Fidelity Investments, best known as one of the world’s biggest mutual fund companies, is making a big push into institutional business where it expects to quadruple its funds under management.

Drew Lawton, the chief executive of Fidelity Management Trust Company, which holds the $100bn institutional business, said on Wednesday he saw no reason why the business should not grow to between $300bn and $400bn in three to five years.

“We shifted our emphasis to this space about six months ago because institutions seemed to be focusing more on macro issues such as funding and liabilities, and they are looking for broader-based firms such as Fidelity for that,” he said.

Mr Lawton said the institutional business had added 30 to 40 people in the past six months as it geared up for growth. It now employs about 300, and recently set up a new institutional equities arm, Pyramis. Fidelity already manages another $1,000bn in mutual and money market funds.

The group also wants to add strategies such as port-able alpha, the latest buzz-word in institutional management, which allows a customer to take above-benchmark returns from one asset class and graft it on to another.

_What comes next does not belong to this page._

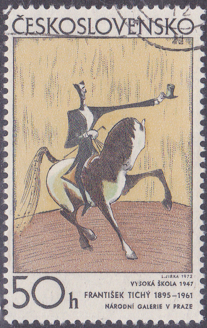 In einer Serie "Tschechische und slowakische Graphik" erschien in der Tschechoslowakei diese Marke (MiNr 2061) mit der Zeichnung "Hohe Schule (Zirkusreiter)" nach einer Zeichnung von František Tichy.
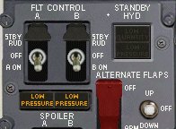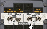 油圧パネルですが、今度は左側のHYDRAULIC A PUMP SWITCH をON

It was also adding alternative asset strategies such as leveraging, but would not offer hedge funds as such, said Mr Lawton.

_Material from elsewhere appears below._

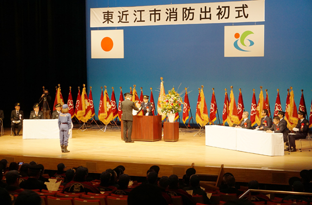 【東近江】 東近江市消防出初式が13日、八日市文芸会館で行われ、27分団の消防団員約340人が参加し、今年一年の防災の誓いを新たにした。

He said proposed changes to pension accounting, which are under consideration by the Financial Accounting Standards Board, would result in shifts in money in the industry, both among managers and among strategies, as pension funds reviewed their plans.

Among other things, funds may be required to shift their accounting to a “mark to market” system which more closely reflects their liabilities.

“There will be a high velocity of money as a result of these changes . . . long-duration bond strategies will become more attractive,” he said.

Fidelity on Wednesday released the results of a survey that showed funding levels for defined benefit plans have improved in the past three years, in spite of the
recent big pension bank-ruptcies.

In 2002, only 13 per cent of plans were more than 90 per cent funded, but by last year this had risen to more than 75 per cent of plans.

The median plan also outperformed the major indices in the five years to December 2004, the survey showed.